Liebevoller Umgang und Ernstnehmen von Bedürfnissen
Die Einrichtung für Kinder und Jugendliche mit kognitiven Einschränkungen gibt es bis heute. Etwa 600 Kinder und Erwachsene werden hier betreut, in allen Altersstufen. Eva Semps Tagebuch ist für den heutigen Leiter der Einrichtung ein wahrer Schatz. "Es zeigt einen liebevollen Umgang miteinander und ein Ernstnehmen der Bedürfnisse des Anderen", so Pastor Maase. "Aber es ist eben nicht zeitkonform gewesen - und ich vermute, es wird nie zeitkonform werden, weil wir gerne auf andere Menschen herabblicken."
Dabei sparte Semp auch die schwierigen Momente mit den Kindern nicht aus.
"Während ich das hier schreibe, ist mir Winfried noch einmal gegenwärtig: Ständig hungrig, immer etwas Essbares findend: Kerzen, Klebstoff, Schuhcreme, Kalk aus den Wänden und in der ersten Zeit auch die eigenen Exkremente. Ein kleiner Tunichtgut." aus Eva Semps Tagebuch
"Alle gehören zu uns - das haben die Schwestern verstanden"
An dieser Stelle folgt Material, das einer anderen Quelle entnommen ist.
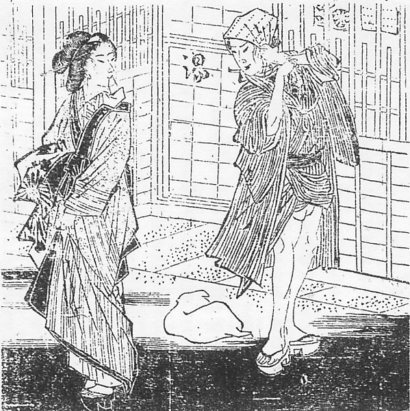 | 説明 | 根津遊廓の娼妓と、下町のしがない花屋の倅(セガレ)の情話。男はいわゆる間夫(マブ)だが、女にとってはタメにならない客、ということで間をせかれ、たまたま女が銭湯に行った帰りにぱったり出会った、という場面。根津はもともと私娼窟で、吉原の真似はしたが吉原のような格式があるわけではないから、花魁(オイラン)が町の湯屋などに行くのだろう。芝居がかりの絵柄で、色男は被った豆絞りの手拭いを頬の横で結ぼうというしぐさ、縞のきものの裾を下帯をちらりと見せるまで捲り、のめりの下駄を直角に開いている。女の髪は根の下がった潰し島田、髱(タボ=後ろ髪)は襟首に付くくらい低い仇な風。右手に湯道具、左手で前褄をちょっと引きあげて、口に巾着の紐をくわえているらしい。足には黒塗りの、小町風の下駄。(大丸 弘) |
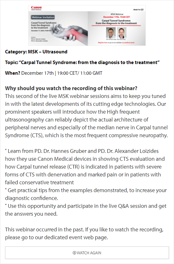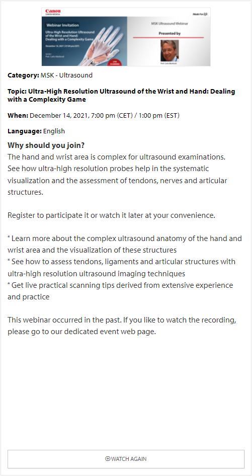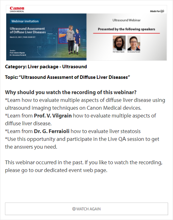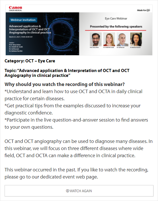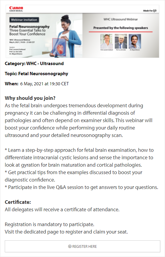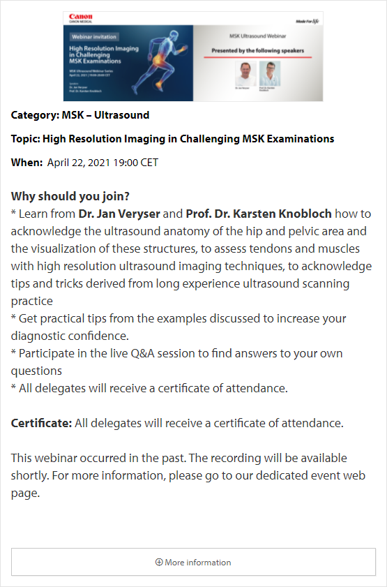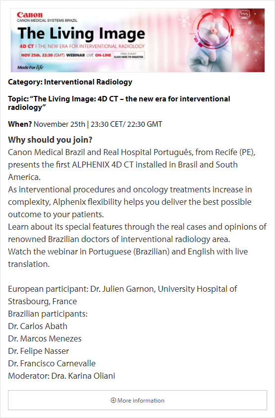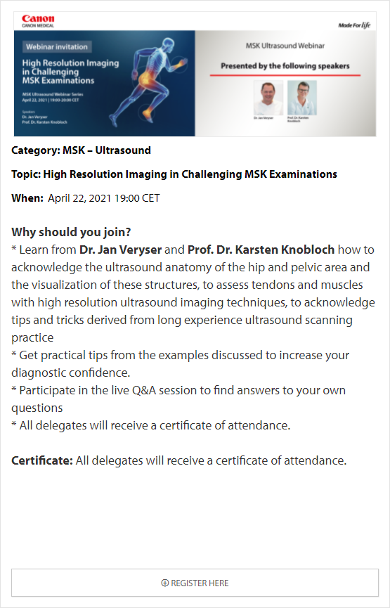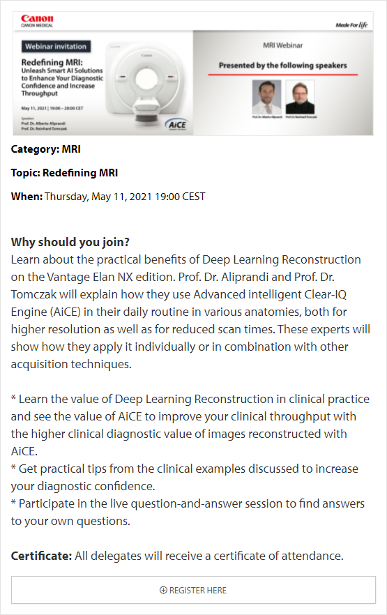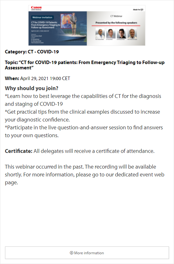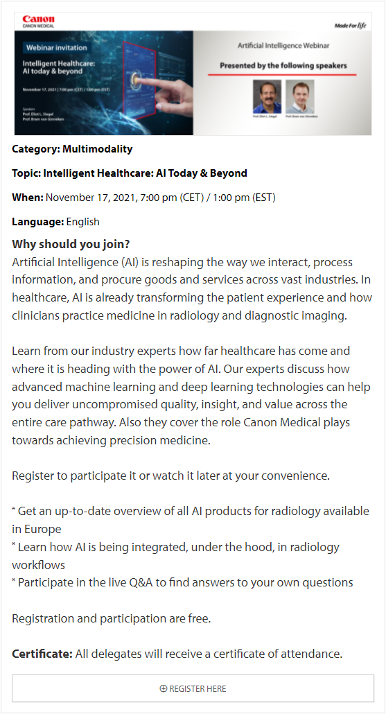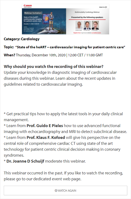 In these online educational webinars, leading experts share their expertise and exchange knowledge. Register to join one of our upcoming webinars. All delegates attending Canon Medical webinars are entitled to a certificate of attendance. The certificates will be provided to each individual delegate.

Und trotzdem, schreibt sie, war der Junge einer ihrer Lieblinge. In ihrem Buch findet sich auch das Foto eines Hochzeitszugs zur Kapelle auf dem Michaelshof. Es war die Trauung von Ursula Timm, Tochter des damaligen Heimleiters. Ursula Timm ist heute 90 Jahre alt und erinnert sich gut an Eva Semp und die anderen Schwestern. "Sie haben ihre ganze Zeit den Menschen hier gegeben", sagt Timm. "Sie brauchen Liebe und Verständnis. Sie gehören zu uns, zu unserer Gesellschaft. Alle gehören zu uns, das haben die Schwestern verstanden."
Nur sieben Jahre zuvor, in Nazideutschland, galten diese Kinder noch als "lebensunwert" oder als "Defektmenschen." Zwischen 1938 und 1945 ermordeten die Nazis systematisch Menschen mit Behinderungen. Allein in Mecklenburg und Pommern wurden Zehntausende getötet, darunter viele Kinder.
Nazis gaben vor, aus Mitleid zu morden
Kathleen Haack erforscht die NS-Verbrechen an Kindern mit Behinderungen. Perfiderweise gaben die Nazis vor, aus Mitleid zu morden. "Der Verweis auf das Mitleid war im Nationalsozialismus ein wichtiges Argument, um diese Menschen von ihrem Leid erlösen zu können - von dem sie eigentlich gar nicht erlöst werden wollten", so die Medizinhistorikerin. "Eva Semp schreibt: Diese Menschen leiden nicht. Im Gegenteil, sie sind durchaus fröhliche Menschen und wenn man sie kennenlernt, macht das Zusammenleben mit ihnen auch Spaß."
Semp ist nicht in Rostock geblieben. Bis zu ihrer Pensionierung arbeitete sie in einer Privatklinik für psychosomatische Krankheiten im bayerischen Oberstdorf als leitende Krankenschwester.
"Sie hat niemals groß Aufhebens gemacht"
Joachim Fabini, ein Verwandter, schickte dem Rechercheteam von NDR Kultur Fotos, die Eva Semp zum Beispiel beim Wandern mit ihrer Familie in den Bergen zeigt. Auf ihrem letzten Foto ist Semp 90 Jahre alt. Sie starb 2018 in Oberstdorf. "Sie hat niemals groß Aufhebens gemacht um die Sachen, die sie geleistet hat", erzählt Fabini. "Und sie hat sehr viel geleistet. Sie war in der Pflege im Altenheim auch nach ihrer Rente sehr aktiv. Sie wollte immer im Hintergrund bleiben - und helfen."
Ein Leben für Mitmenschlichkeit: Eva Semp hat in den 1950er-Jahren Maßstäbe gesetzt, die noch heute gelten.
Im kommenden Jahr wird NDR Kultur in Rostock ein virtuelles Denkmal einrichten - eine Tafel mit QR-Code, mit dem man einen Film über Eva Semp abrufen kann.